Why you should listen
Guy Winch is a licensed psychologist who works with individuals, couples and families. As an advocate for psychological health, he has spent the last two decades adapting the findings of scientific studies into tools his patients, readers and audience members can use to enhance and maintain their mental health. As an identical twin with a keen eye for any signs of favoritism, he believes we need to practice emotional hygiene with the same diligence with which we practice personal and dental hygiene.

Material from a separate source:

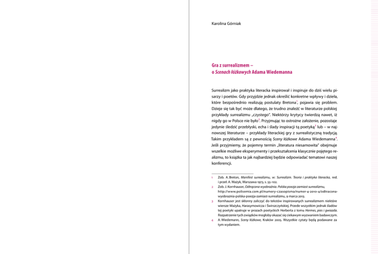 Karolina Górniak Gra z surrealizmem – o Scenach łóżkowych Adama Wiedemanna Surrealizm jako praktyka literacka inspirował i inspiruje do dziś wielu pisarzy i poetów. Gdy przyjdzie jednak określić konkretne wpływy i dzieła, które bezpośrednio realizują postulaty Bretona 1, pojawia się problem. Dzieje się tak być może dlatego, że trudno znaleźć w literaturze polskiej przykłady surrealizmu „czystego”. Niektórzy krytycy twierdzą nawet, iż nigdy go w Polsce nie było 2. Przyjmując to ostrożne założenie, pozostaje jedynie śledzić przebłyski, echa i ślady inspiracji tą poetyką 3 lub – w najnowszej literaturze – przykłady literackiej gry z surrealistyczną tradycją. Takim przykładem są z pewnością Sceny łóżkowe Adama Wiedemanna 4. Jeśli przyjmiemy, że pojemny termin „literatura niesamowita” obejmuje wszelkie możliwe eksperymenty i przekształcenia klasycznie pojętego realizmu, to książka ta jak najbardziej będzie odpowiadać tematowi naszej konferencji. Zob. A. Breton, Manifest surrealizmu, w: Surrealizm. Teoria i praktyka literacka, red. i przeł. A. Ważyk, Warszawa 1973, s. 55–102. 2 Zob. J. Kornhauser, Odtrącona wyobraźnia. Polska poezja zamiast surrealizmu, http://www.polisemia.com.pl/numery-czasopisma/numer-4-2010-4/odtraconawyobraznia-polska-poezja-zamiast-surrealizmu, 9 marca 2013. 3 Kornhauser jest skłonny zaliczyć do tekstów inspirowanych surrealizmem niektóre wiersze Ważyka, Harasymowicza i Świrszczyńskiej. Przede wszystkim jednak śladów tej poetyki upatruje w prozach poetyckich Herberta z tomu Hermes, pies i gwiazda. Rozpatrzenie tych związków mogłoby okazać się ciekawym wyzwaniem badawczym. 4 A. Wiedemann, Sceny łóżkowe, Kraków 2005. Wszystkie cytaty będą podawane za tym wydaniem. 1 80 | Karolina Górniak Sceny łóżkowe to zbiór krótkich opowiadań, wydany w roku 2005. Moim zdaniem książka ta została przeoczona przez krytykę. Nie licząc kilku recenzji w pismach i na portalach literackich 5, można powiedzieć, że utwór Wiedemanna nie wzbudził zainteresowania badaczy. Co ciekawe, w komentarzach na temat Scen łóżkowych często da się odczuć pewne zakłopotanie autorów, którzy nie do końca wiedzą, w jaki sposób mówić o tej książce i jak ją zakwalifikować – czy mówić przy jej okazji o hiperrealizmie, oniryzmie, surrealizmie, czy może minimalizmie, jak czyni to Michał Tabaczyński na łamach „Ha!artu” 6. Być może proza ta jest na tyle graniczna, że w jej omówieniach można zawrzeć wszystkie wymienione określenia. A może lepiej – by uniknąć terminologicznego nieładu – stworzyć dla niej osobną kategorię, jak na przykład czyni to Wojciech Kuczok, który używa terminu sure-realizm 7? Zbiór Wiedemanna, zgodnie z tytułem, zawiera opisy kilkudziesięciu snów, podzielone na rozdziały według lat i opatrzone datami dziennymi, a nawet indeksem osób pojawiających się w książce. Zdaniem Jakuba Kornhausera metoda, którą stosuje Wiedemann, czyli próba literackiego odwzorowania rzeczywistości snu, jest z gruntu surrealistyczna i odpowiada postulatom o wyzwoleniu wyobraźni i zwróceniu się ku światu marzeń sennych 8. Warto zaznaczyć, że sam surrealizm pojawia się w książce – w postaci Georges’a Bataille’a (który przez pewien czas sympatyzował ze środowiskiem Bretona) oraz przy okazji zjazdu surrealistów 9. Sam autor wykazywał zainteresowanie tą poetyką – w roku 2000 J. Kornhauser, dz. cyt.; I. Noszczyk, Sceny lekturowe, czyli o snach Adama Wiedemanna, http://biuroliterackie.pl/przystan/czytaj.php?site=140&co=txt_1074, 9 marca 2013; A. Pluszka, O „Scenach łóżkowych” Adama Wiedemanna, http://www.culture.pl/culture-pelna-tresc/-/eo_event_asset_publisher/Je7b/content/o-scenach-lozkowych-adama-wiedemanna, 9 marca 2013; M. Tabaczyński, Rozmiar ma znaczenie. Jeszcze kilka słów o minimalizmie, „Ha!art” 2005, nr 24, s. 31–35; M. Wilk, Literackie opanowanie rzeczywistości (łóżkowej), czyli śnienie (nie)oczywiste, „Pogranicza” 2006, nr 1, s. 98–99. 6 Zob. M. Tabaczyński, dz. cyt., s. 31–35. 7 Zob. I. Noszczyk, dz. cyt. 8 Zob. J. Kornhauser, dz. cyt. 9 Zob. A. Wiedemann, dz. cyt., s. 43, 138. 5 Gra z surrealizmem… | 81 zorganizował „Sesję oniryczną”, podczas której, jak notuje Adam Pluszka, swoje oniryczne teksty czytali m.in. Henryk Bereza, Kinga Dunin i Bohdan Zadura 10. Jednak André Breton zakwalifikowałby styl Wiedemanna jako realistyczny, a więc przeciętny, a nawet budzący obrzydzenie 11. Stałoby się tak dlatego, że utwór Wiedemanna realizuje rzadko spotykane, typowo reporterskie podejście do opisu snów, nie wyzbywając się przy tym charakterystycznej dla świata snów niesamowitości. Króluje tu jednak dbałość o szczegół, skrupulatność opisu, dokładność. Przyjechała do Polski królowa angielska z wnukami, w czasie przejazdu którąś z ulic warszawskich rzuciły się na nią trzy psy. Premier Mazowiecki posłał natychmiast na miejsce tego incydentu oddział SB z karabinami, psy ujrzawszy uzbrojonych funkcjonariuszy podbiegły do nich chcąc się bawić, ci jednak natychmiast otworzyli ogień i wystrzelali je bez litości. […] Ja tymczasem stoję z boczku i przyglądam się: zauważyli mnie, celują z karabinów. Rzucam się do ucieczki, oczywiście pod gradem kul […]. [Premier] siedzi właśnie przy stole z królową i moimi rodzicami. Wpadam, opowiadam, co mnie spotkało […]. (sen z 19 stycznia 1991) (s. 31) Powyższy fragment stanowi reprezentatywny przykład Wiedemannowskiego sposobu pisania o snach. Mamy tu nie tylko znane z ówczesnej rzeczywistości osoby publiczne, ale też rodziców autora, przedstawicieli „prywatnego świata”. Miejscem opisanych wydarzeń są również jak najbardziej obecne na jawie warszawskie ulice. Cała ta możliwa do zaistnienia na jawie senna fikcja osadzona jest jednak w sytuacji absurdalnego, śmiesznego, a jednocześnie g

His recent book, Emotional First Aid: Healing Rejection, Guilt, Failure, and Other Everyday Hurts, has been translated in 24 languages. He writes the popular "Squeaky Wheel Blog" on PsychologyToday.com, and he is the author of The Squeaky Wheel: Complaining the Right Way to Get Results, Improve Your Relationships and Enhance Self-Esteem. His new book, How to Fix a Broken Heart, was published by TED Books/Simon & Schuster in 2017. He has also dabbled in stand-up comedy.